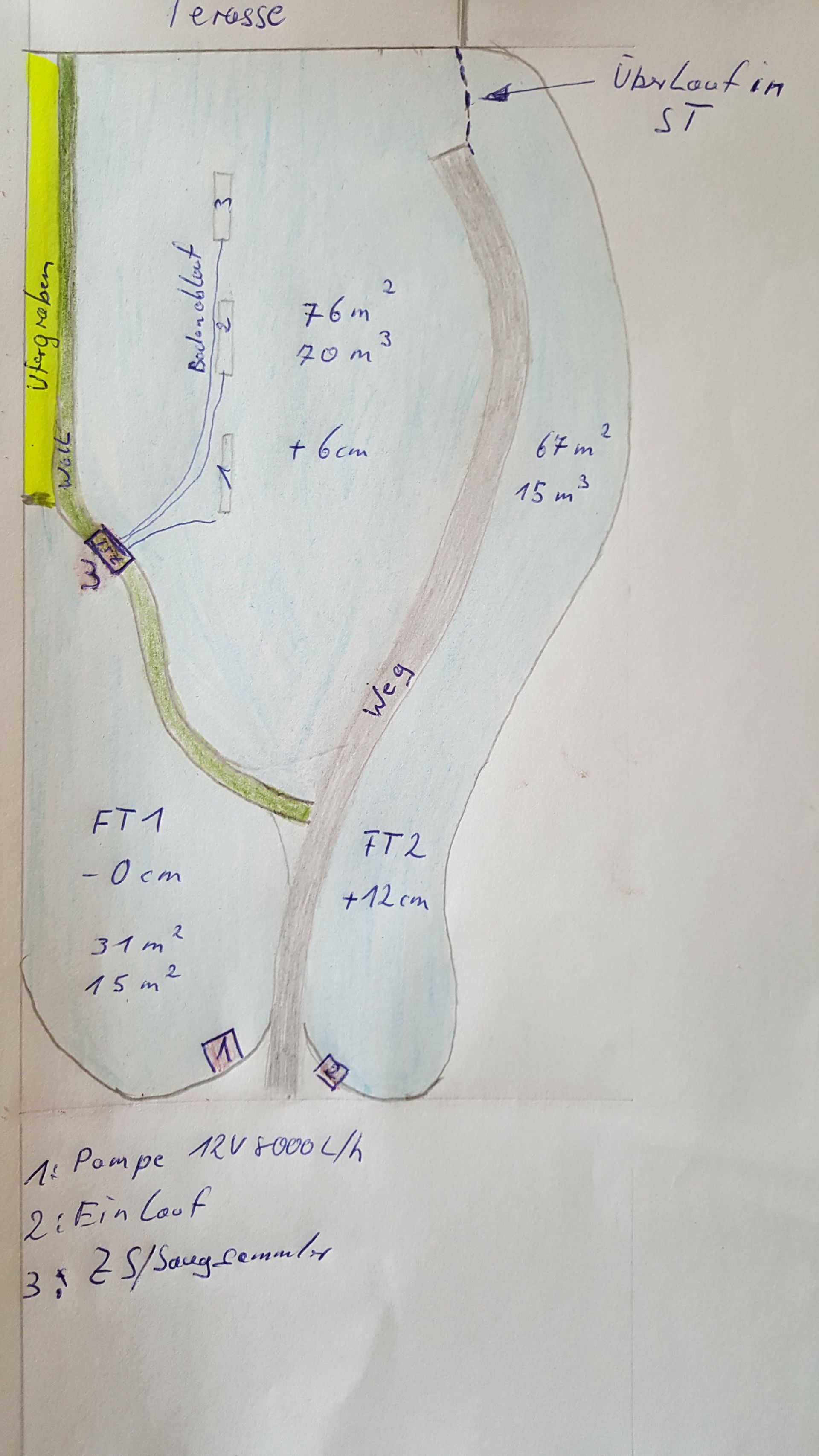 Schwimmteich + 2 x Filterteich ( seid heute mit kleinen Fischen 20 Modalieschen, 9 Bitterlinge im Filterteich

* * *

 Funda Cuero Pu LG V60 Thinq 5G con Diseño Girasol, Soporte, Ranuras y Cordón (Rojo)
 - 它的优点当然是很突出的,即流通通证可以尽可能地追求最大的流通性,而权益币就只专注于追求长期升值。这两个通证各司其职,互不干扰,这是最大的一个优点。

...

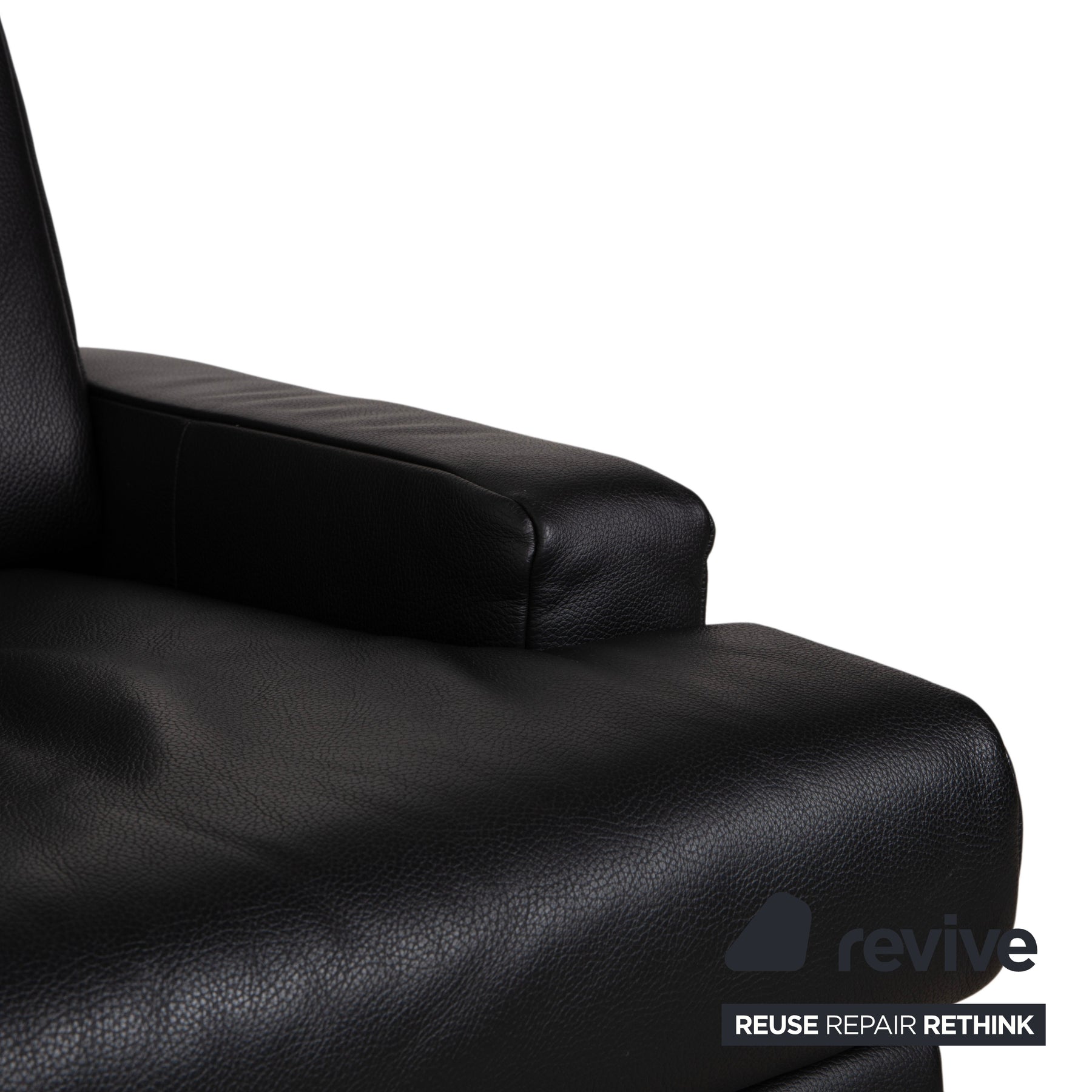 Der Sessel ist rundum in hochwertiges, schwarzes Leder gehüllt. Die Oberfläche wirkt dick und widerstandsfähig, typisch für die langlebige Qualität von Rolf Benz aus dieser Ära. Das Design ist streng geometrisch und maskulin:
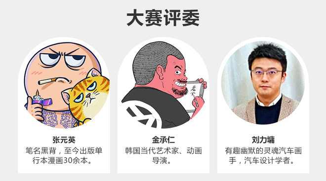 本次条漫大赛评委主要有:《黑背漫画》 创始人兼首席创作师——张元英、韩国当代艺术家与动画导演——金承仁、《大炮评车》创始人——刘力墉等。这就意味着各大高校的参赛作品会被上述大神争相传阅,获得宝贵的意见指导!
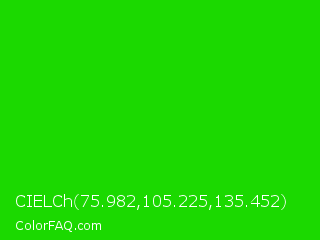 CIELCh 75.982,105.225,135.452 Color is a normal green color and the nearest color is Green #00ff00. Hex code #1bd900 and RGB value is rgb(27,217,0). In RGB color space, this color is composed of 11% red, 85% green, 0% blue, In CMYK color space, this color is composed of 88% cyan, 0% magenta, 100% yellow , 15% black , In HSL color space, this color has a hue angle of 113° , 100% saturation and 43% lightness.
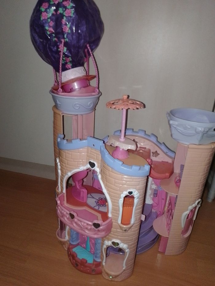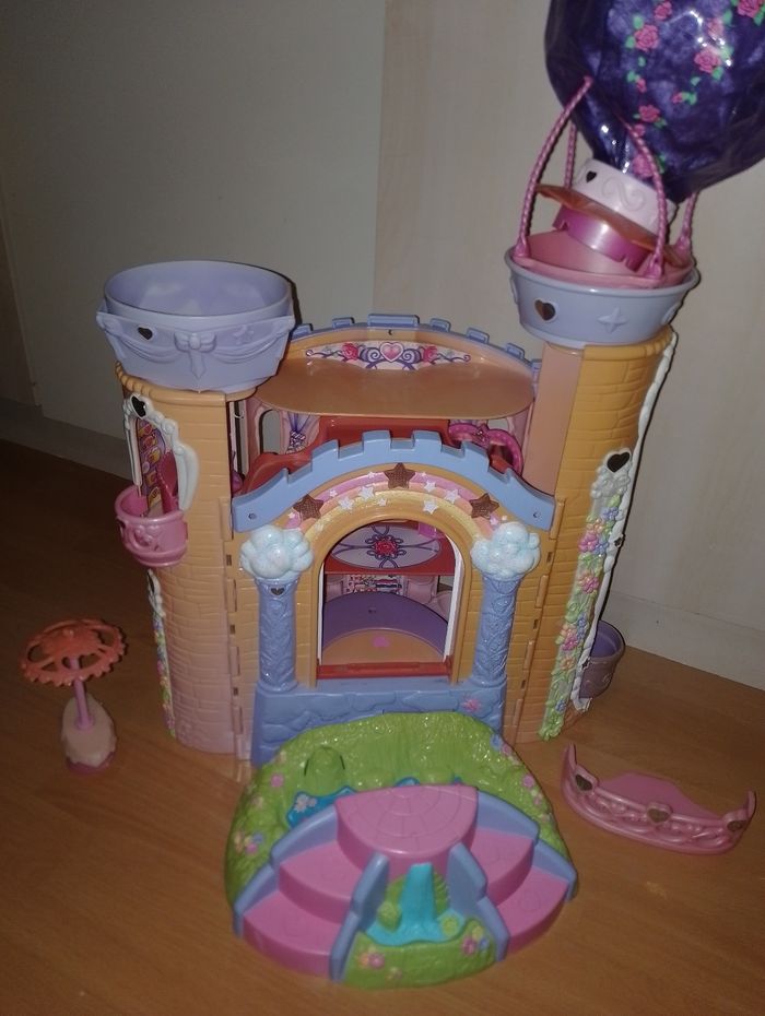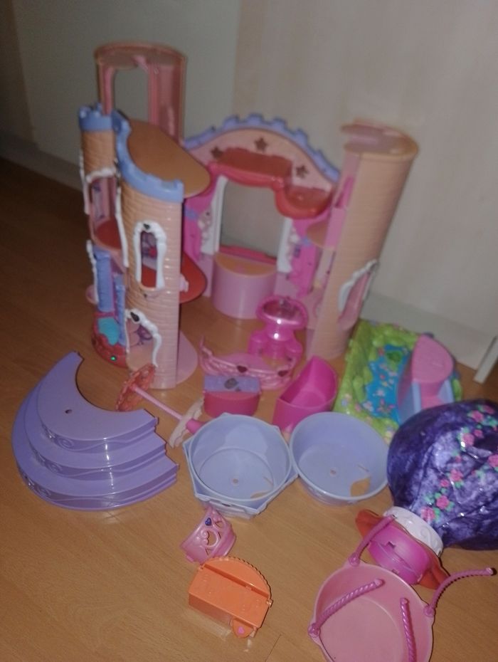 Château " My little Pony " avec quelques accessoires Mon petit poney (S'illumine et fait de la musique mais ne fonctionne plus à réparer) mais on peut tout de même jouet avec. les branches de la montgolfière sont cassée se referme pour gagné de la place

PROBLEM DESCRIPTION → Among the records above, locate the line containing "CIELCh 75.982,105.225,135.452 Color" and the line containing "de la place", then transcribe exactly the lines starting at the first and ending at the second, with no pictures.

WRITTEN SOLUTION →
 CIELCh 75.982,105.225,135.452 Color is a normal green color and the nearest color is Green #00ff00. Hex code #1bd900 and RGB value is rgb(27,217,0). In RGB color space, this color is composed of 11% red, 85% green, 0% blue, In CMYK color space, this color is composed of 88% cyan, 0% magenta, 100% yellow , 15% black , In HSL color space, this color has a hue angle of 113° , 100% saturation and 43% lightness.
 Château " My little Pony " avec quelques accessoires Mon petit poney (S'illumine et fait de la musique mais ne fonctionne plus à réparer) mais on peut tout de même jouet avec. les branches de la montgolfière sont cassée se referme pour gagné de la place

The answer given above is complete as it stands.